Irish test compromise EU deal
European Union president Ireland has circulated a new compromise proposal on the bloc's constitution aimed at overcoming Polish and Spanish opposition to the charter, diplomats said yesterday. The idea, a sort of emergency brake on majority decisions,...
European Union president Ireland has circulated a new compromise proposal on the bloc's constitution aimed at overcoming Polish and Spanish opposition to the charter, diplomats said yesterday.
The idea, a sort of emergency brake on majority decisions, has been circulated to several governments, and Irish Prime Minister Bertie Ahern will discuss it with the EU's big three - France, Germany and Britain - on his tour this week, they said.
"This is an informal written proposal," one EU government official told Reuters.
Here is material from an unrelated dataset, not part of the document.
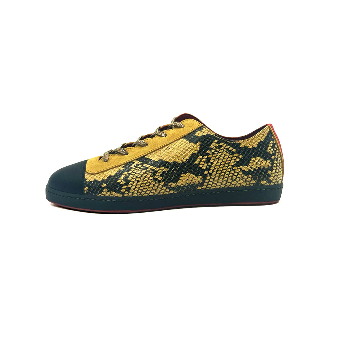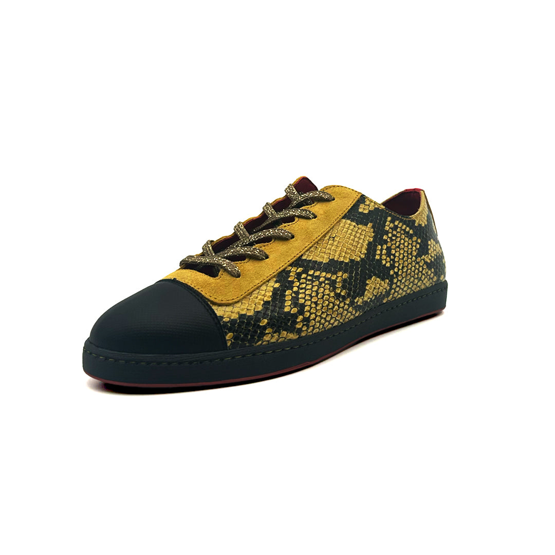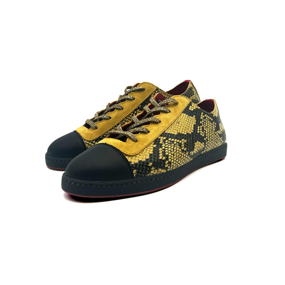 - Hechas de piel tipo pitón en colores negro y amarillo.
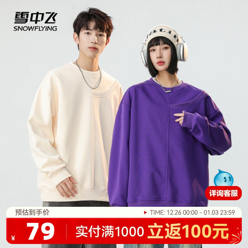 雪中飞2025春秋新款男女情侣款休闲圆领卫衣设计潮流纯色百搭青年

Mr Ahern is trying to forge a compromise on how voting power will be allotted among the EU's 15 old and 10 new members in time for a June 17-18 summit which is due to clinch a deal.
A previous attempt to agree on a new rulebook for the bloc, to enable it to keep functioning after enlargement last month by taking most decisions by qualified majority voting rather than unanimity, collapsed in December over the voting weights issue.
The Irish proposal focuses on adding a "safety valve" to the majority decision-making by allowing a group of states that face being outvoted on a sensitive decision to delay it and raise the majority threshold needed to approve it, the sources said.
This would be modelled on what EU insiders call Ioannina compromise, worked out in 1994 to solve Britain's concerns about being outvoted when Finland, Sweden and Austria joined in 1995, changing the balance of power in the EU.
It allowed the minority to call for further negotiation to seek a broader majority. But it has never been invoked.
Diplomats said Poland, the biggest of former ex-communist states that joined the EU, saw the Irish draft as a step in the right direction but that Warsaw would insist on modifications.
EU diplomats see Poland as the biggest obstacle to any deal on voting rights because of its crippling political crisis.